3. Data quality matters
Because a data lake can become a repository of all kinds of data from a wide range of sources, organizations often end up with many forms of data standardization issues. According to a recent study by Corinium Digital, nearly 40 percent of organizations feel that they have a data quality problem. For instance, one system could send the value “CA” for the state of California while another could call it “California.” In fact, for many organizations, data quality issues have led to a new term for the data lake; the data swamp.
Users need to quickly resolve these kinds of quality concerns and be able to standardize data rapidly. More importantly, this needs to be done visually and interactively for the most part – by business users and analysts who have been empowered. While Excel is a great tool for visualizing and sharing data, it is not designed for enterprise data preparation activities such data quality processes or enrichment.
4. Build an analytical sandbox capability
Many analytical initiatives require multiple iterations to achieve a meaningful insight. Quite often the need is to be able to curate data from a variety of data sources such as the EDW, the data lake, and third-party data sources. In order to support specific analytical processing or maybe even data science models curated data frequently needs to be moved into a separate sandbox for further analysis.
In line with the drive towards self-service, this is a critical part of self-service data preparation. Users need to be able to discover, profile, prepare, and then provision data to the desired location.
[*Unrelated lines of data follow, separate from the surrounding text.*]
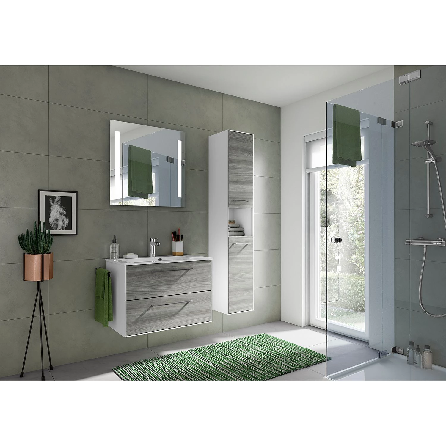 - Contenu de la livraison : 1 miroir avec éclairage et 1 meuble avec vasque, sans accessoires
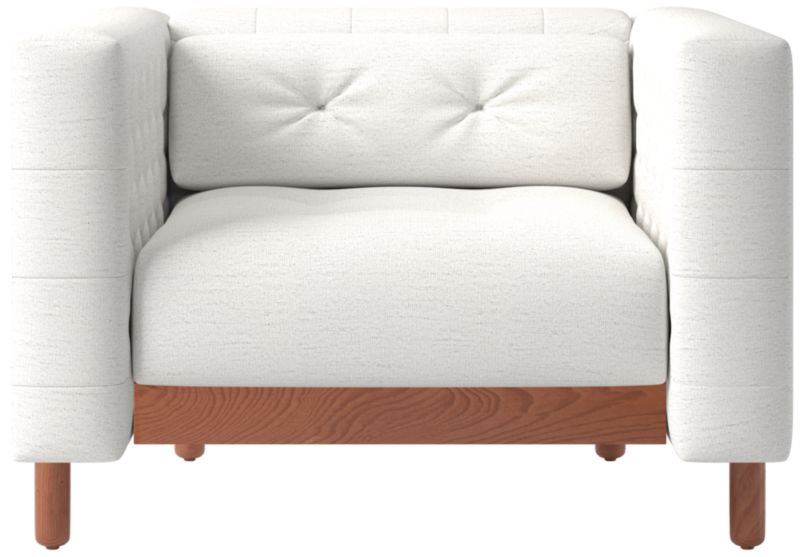 Sleek, low-profile accent chair was originally created by iconic Italian designer Gianfranco Frattini for the fashionable Restaurant St. Andrews in the heart of old Milan. Now, a modern classic returns with the same spirit of the original design. Period-authentic details include hand-sewn button tufts on the interior sides and cushions, along with the inset walnut legs that are characteristic of the designer's signature style. CB2 exclusive.
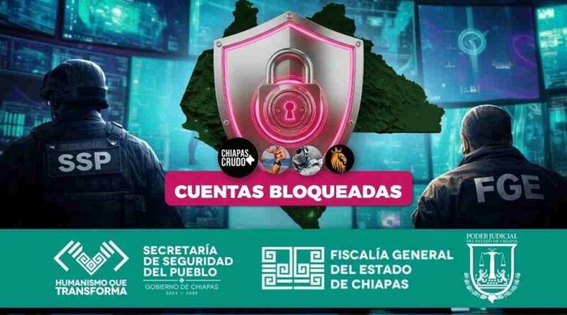 La Secretaria de Seguridad Estatal informó que con apoyo de la Fiscalía General del Estado y el Poder Judicial fueron inhabilitadas las cuentas denominadas “Chiapas Crudo”, “Tabo Ruiz”, “Marino Militar” y “Lupita Álvarez Jiménez”.
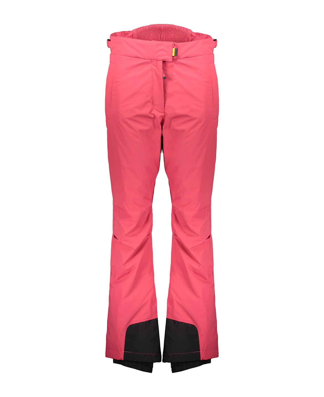 Ski pants in a vibrant pink color, designed to ensure comfort and style on the snow. they feature a loose fit with a flared cut towards the bottom, ideal for facilitating movement. the lower part is reinforced with black details, offering durability and protection. these pants come with an adjustable waistband for a personalized fit and a central zip closure. perfect for winter sports enthusiasts looking for both functionality and a pop of color. padding: 100% polyester
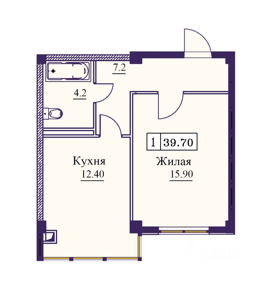 Продаётся 1-комнатная квартира в строящемся доме (Дом 1 этап 1), срок сдачи: I-кв. 2027, общей площадью 39.7 кв.м., на 9 этаже. Расположение, транспортная доступность
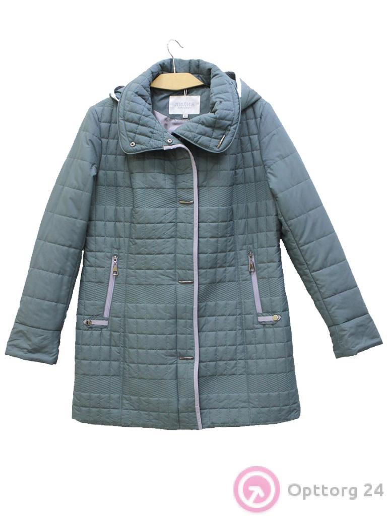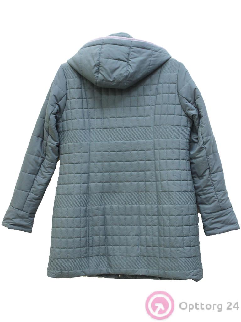 Пальто женское на синтепоне зеленое с лавандовыми вставками оптом

Often, this could mean data being curated from various sources on-premises and then the resulting dataset could be provisioned in the cloud on Microsoft Azure or Amazon Web Services (AWS) for the data scientist or analyst to use.
5. Enterprise scale, security, and governance
All too often, big data projects stall in the prototyping phase largely due to a lack of enterprise security and governance. And while big parts of Hadoop can be properly secured, companies need to consider how they will manage security and governance when expanding to self-service.
Also complicating issues is when users are curating and then creating new datasets in their own sandboxes. Emerging regulations like Global Data Protection Regulation (GDPR) demands strict treatment and lineage tracking when dealing with customer data. Once again, personal productivity tools like Excel, do not provide this level of security or governance, leaving organizations exposed.
More than just storage: Consider data lakes as a lifestyle
Organizations need to stretch beyond these five pillars of data lake success and change their traditional thinking and technology approach, because they won’t be of much help or use unless businesses start approaching the data lake as a “lifestyle”. This is because it requires different thinking, different tools, and in cases, different people. In this new lifestyle, self-service and empowerment of the data analysts, data scientists, and power users is a must.
The right tools should help support the on-demand and ad-hoc business data need for analytics, operations, and regulatory requirements. Business analysts need to work intuitively within an intelligent and dynamic application to visually, explore, transform, and publish contextual and clean data for analysis anywhere with clicks, not code.
Teams need to be empowered to work collaboratively and securely, with the complete and trusted governance of a modern platform. If IT can support the scale of data volumes across the full spectrum of enterprise and cloud data sources, business can yield productive and successful outcomes for ad-hoc and repeatable data service needs.